What you are asked to do: Starting at the line that contains "นามสกุล: สุดจะคอย |", write out each line through the end of the data below, exactly as it stands. Skip any pictures.

Data below:
◆ ◆ ◆

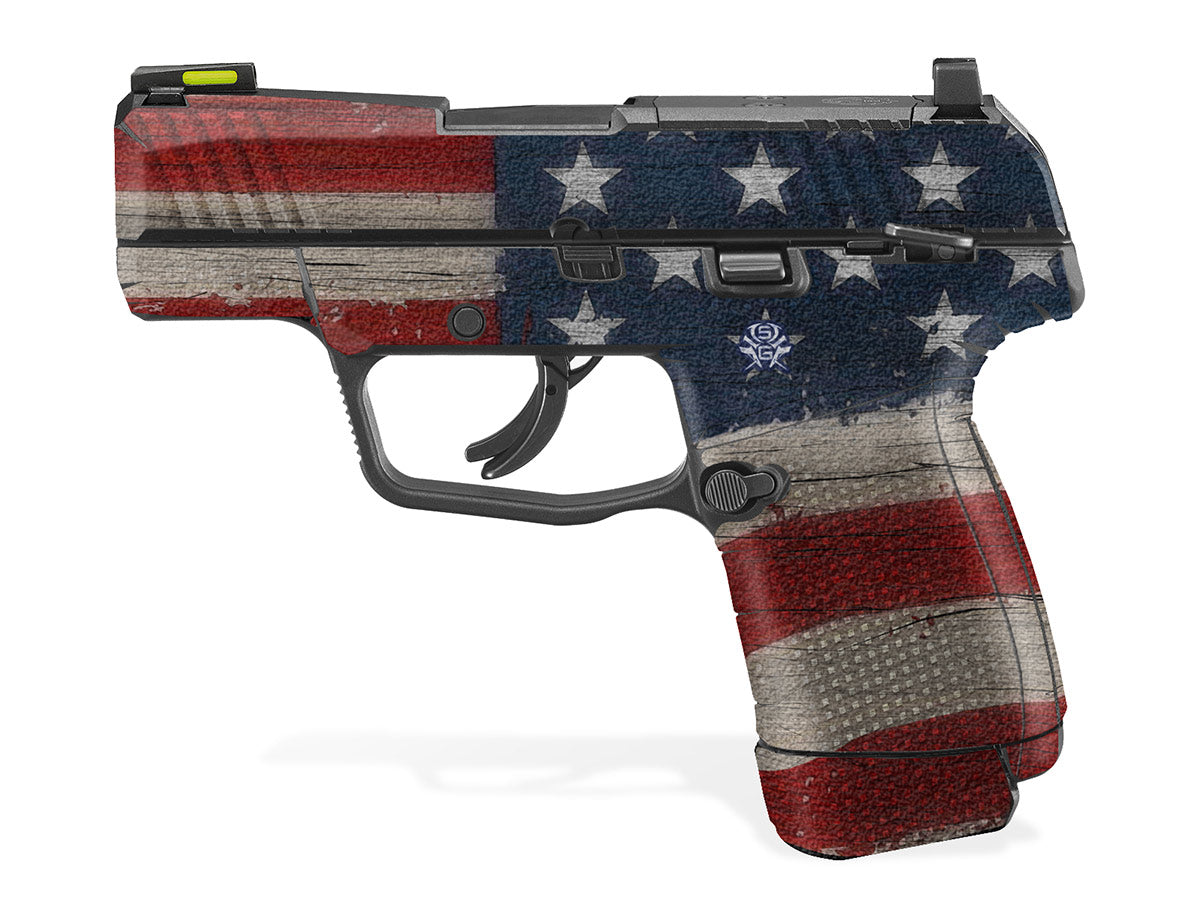 Decal Grip for Ruger Max-9 – Showgun decal grips are manufactured with a rubberized, textured vinyl and specially formulated 3M adhesive, that molds into textured surfaces and stays on through harsh environments and conditions. Cover just the frame of your Ruger Max9 or apply it to the slide as well. The rubber-like feel is not only non-slip, but it won’t chaff or irritate your skin. Old Glory design.
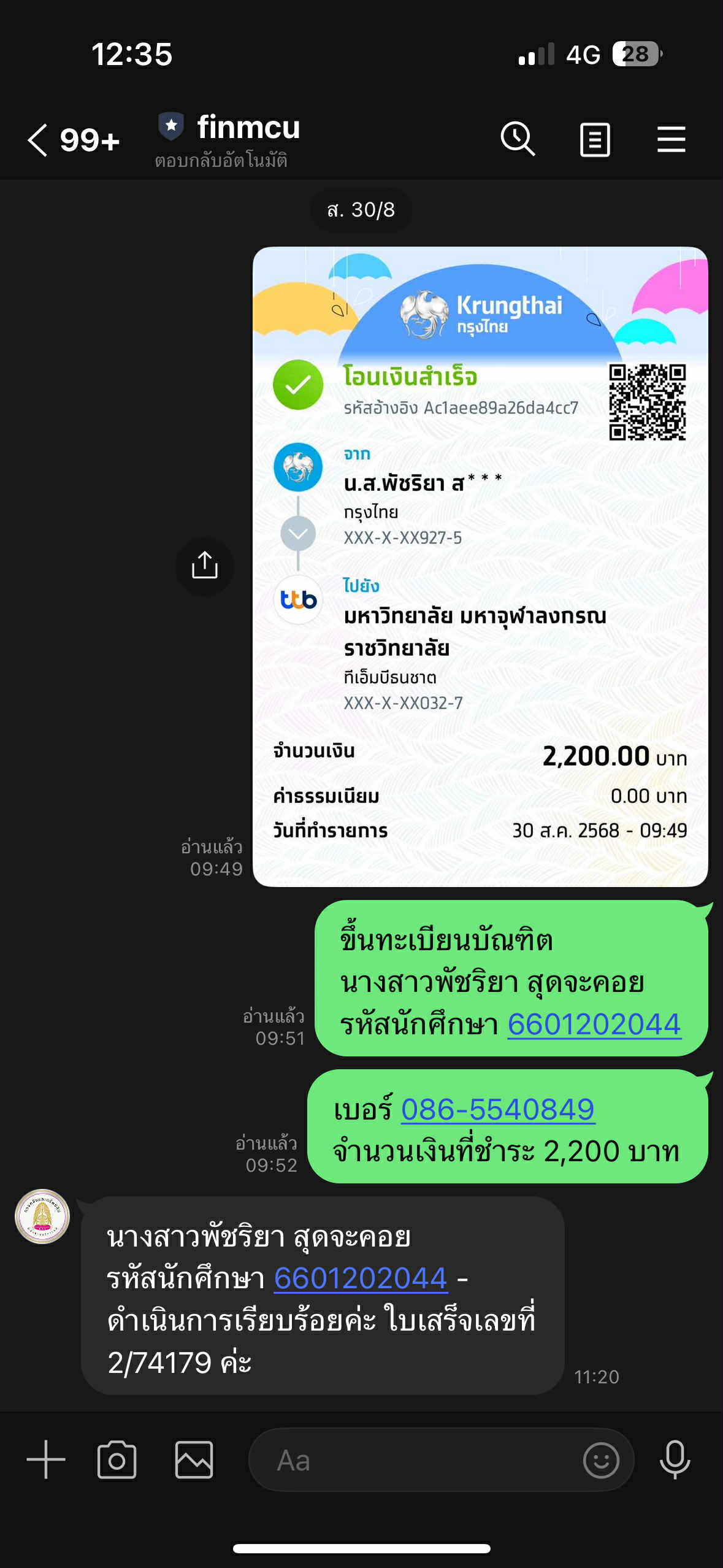 | รหัสนิสิต : 6601202044 | ชื่อ : นางสาวพัชริยา | ฉายา: - | นามสกุล: สุดจะคอย |
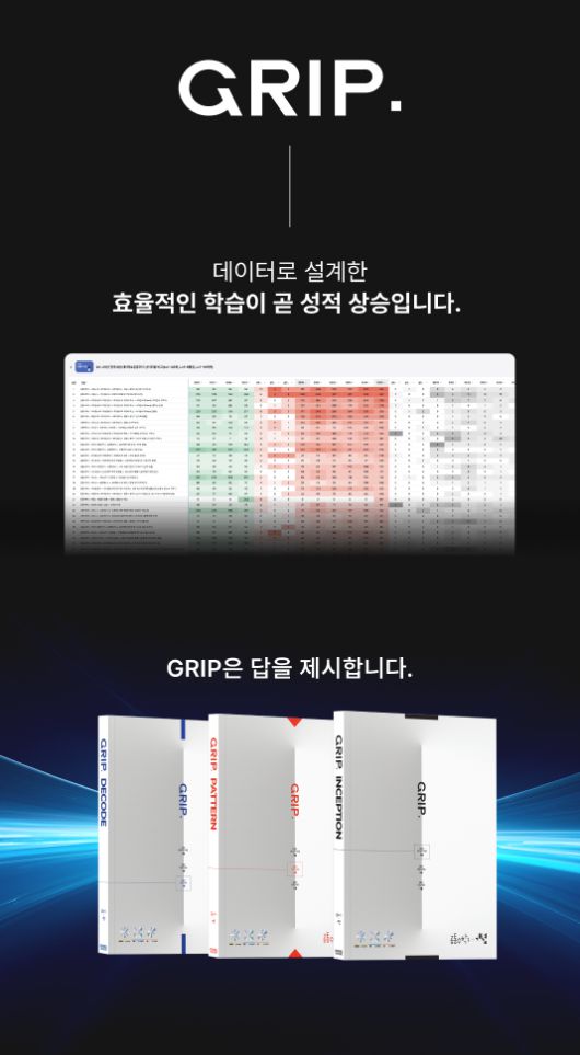 회사 측에 따르면 이번에 출시된 'GRIP'은 출제 확률을 기준으로 필수 개념을 엄선해 개념 이해부터 적용, 정리로 이어지는 체계적인 학습 루프를 교재 구조에 반영해 학교 내신과 수능을 동시에 대비할 수 있도록 구성했다. 특히 감이나 경험에 의존하던 기존 방식에서 벗어나, 모집단에 가까운 표본 데이터를 기반으로 문항을 분석·배치함으로써 실제 시험에서 체감 효용이 높은 문제를 선별해 완성도를 높였다고 회사측은 강조했다.

◆ ◆ ◆

Reply:
 | รหัสนิสิต : 6601202044 | ชื่อ : นางสาวพัชริยา | ฉายา: - | นามสกุล: สุดจะคอย |
 회사 측에 따르면 이번에 출시된 'GRIP'은 출제 확률을 기준으로 필수 개념을 엄선해 개념 이해부터 적용, 정리로 이어지는 체계적인 학습 루프를 교재 구조에 반영해 학교 내신과 수능을 동시에 대비할 수 있도록 구성했다. 특히 감이나 경험에 의존하던 기존 방식에서 벗어나, 모집단에 가까운 표본 데이터를 기반으로 문항을 분석·배치함으로써 실제 시험에서 체감 효용이 높은 문제를 선별해 완성도를 높였다고 회사측은 강조했다.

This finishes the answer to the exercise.